After 34 minutes Celtic struck. Dalglish drove a low cross and McCloy, diving awkwardly, full of angular limbs, could not gather the ball. Mathieson kicked off the line as it spun clear, but contrived only to give Dalglish another creatice chance. This time the ball was floated into the centre and Hood pushed a smart header into the empty net.

But it was not, for a while, to be easy for Celtic. Rangers found an ally in adversity and three minutes later they were deservedly level. Greig, as always at the heart of every matter, broke up the midfield play and edged towards the penalty area. Once there he played the square pass to MacDonald on the left and the winger hit a vicious curving cross which flew across the face of Ally Hunter before spiralling into the net – the game's best goal.

There it rested until half time with Rangers, the favourites, downwind. But the expected never happened as Celtic locked up the middle, tackled even harder and eventually sucked their opponents dry.

They scored again after 55 minutes when Jackson was forced into a desperate tackle on Wilson which left the winger almost on the track. Callaghan took the free kick and McNeill, having stolen silently to the far post, headed strongly and accurately back across the goal. Hood again was present to stick the ball over the line. This time there was no reply, for Hay's damaging tackles had taken effect and Rangers were short of inventive ideas.

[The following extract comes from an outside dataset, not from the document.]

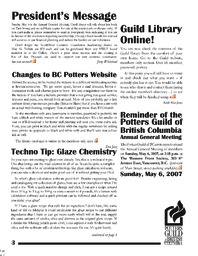 Summary Content type Content type Page Collection(s) Collection(s) Newsletters - Potters Guild of British Columbia 2007 May 1 Identifiers Handle Handle Handle placeholder
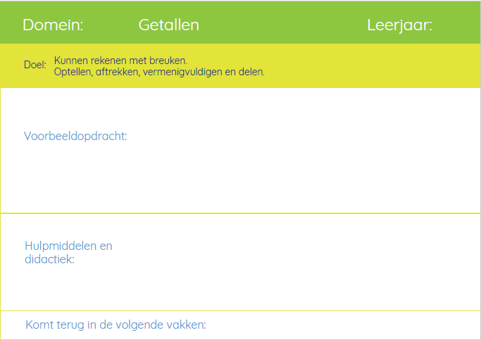 Elk rekendoel past bij verschillende vakken en komt aan bod bij wiskunde. Een rekendoel wordt in verschillende vakken behandeld, op verschillende manieren aangeboden en komt meerdere keren per jaar terug.

Manager Wallace threw on Derek Johnstone as an extra striker in place of McLean who had disappeared but the teenager had hardly arrived before Hood had completed his hat trick to take the Semi Final beyond recall. Again it was a Dalglish pass and he looked offside as he strode across the penalty area to stroke the ball past the reach of McCloy. This was balanced by another tremendous Hood shot which looked onside that was disallowed only a few seconds later.

So the terraces were cleared with Celtic songs being sung loudly and enthusiastically, if untunefully. Once more out of a period of some concern inside the club the right answers had been found and the Celts had beaten Rangers for the third time this season.